How to create a custom dataset for machine translation

Question

How to create a custom dataset for machine translation

BabylenMagnus opened this issue 2 years ago · 4 comments

what to do if a phrase has several translations.
Will this dataset be correct?
train.src:

I like the color green.
I like the color green.

train.tgt

Мне нравится зелёный цвет.
Я люблю зелёный цвет.

how will the BLEU metric work on it?

Answer 1 · 2023-01-20T08:03:54.000Z

When you utilize it for training, you can create train.src and train.tgt by spliting them, just like what you do.
When validation and testing, BLEU supports to conduct the score with multiple refernece, you should write the unique in the valid/test.src and their corresponding translations with repr expressions in lists in valid/test.tgt. For example:

valid/test.src

abc
edf

valid/test.tgt

"['ABC', 'Abc']"
"['DEF', 'Def', 'DEf']"

The target translations may not need to be the same number.

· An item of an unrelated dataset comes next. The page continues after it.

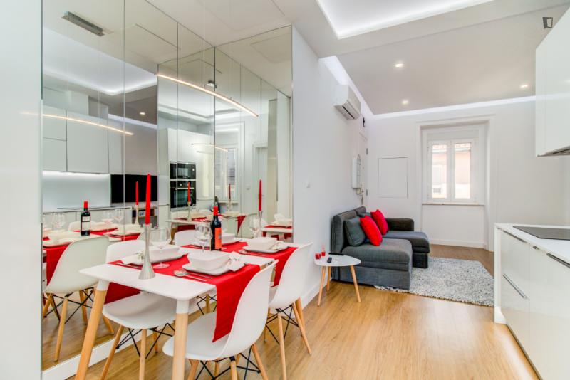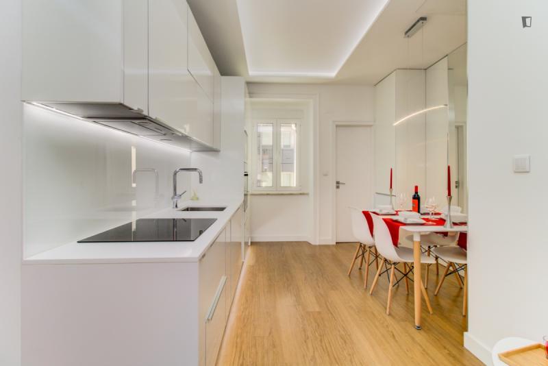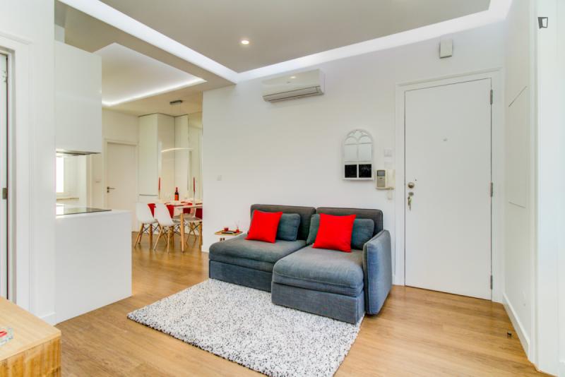 Os check-in são a partir das 16:00 até às 19h30 e o check-out são de manhã até 11:00. Procurando por um lugar de alta qualidade e dar uma sensação real de Lisboa. Dê uma olhada neste agradável e apartamento em Picoas, uma localização estratégica, uma vez que você está perto de várias ligações de transporte e está no centro da cidade, a caminho de praticamente todos os lugares. Mais do que uma área vibrante, Picoas irá colocá-lo perto de muitos locais de ensino, como o Instituto Superior Técnico, que fica a uma curta distância. Soa bem né Moderno e confortável, o apartamento tem dois quartos, uma sala de estar, uma cozinha e um banheiro. No prédio, você também encontrará um estacionamento privativo! O pacote de internet é de 1 Gbps , 180 canais e Telecine canal de filmes.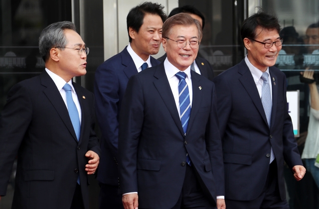 장하성 실장(맨 오른쪽)은 문재인 정부의 금융개혁을 이끌고 있다. 지난 6월12일 문재인 대통령이 국회 첫 시정연설을 마친 뒤 의사당을 나서고 있다. 한겨레 이정우 선임기자

Answer 2 · 2023-01-20T10:56:13.000Z

Ok, thanks.
would it be correct to swap them?
valid/test.src

"['ABC', 'Abc']"
"['DEF', 'Def', 'DEf']"

valid/test.tgt

abc
edf

can I do it from config and not change the file extensions?
If I have dataset A->B, but need model B->A

Answer 3 · 2023-01-20T11:27:20.000Z

No, you cannot swap them as you showed. You need to split them one-by-one. It only supports one-to-one or one-to-many, rather than many-to-one.

If you have dataset A->B, but need model B->A. You need to create the dataset by yourself. Our config has not supported that.

Answer 4 · 2023-01-20T11:34:33.000Z

Thanks for help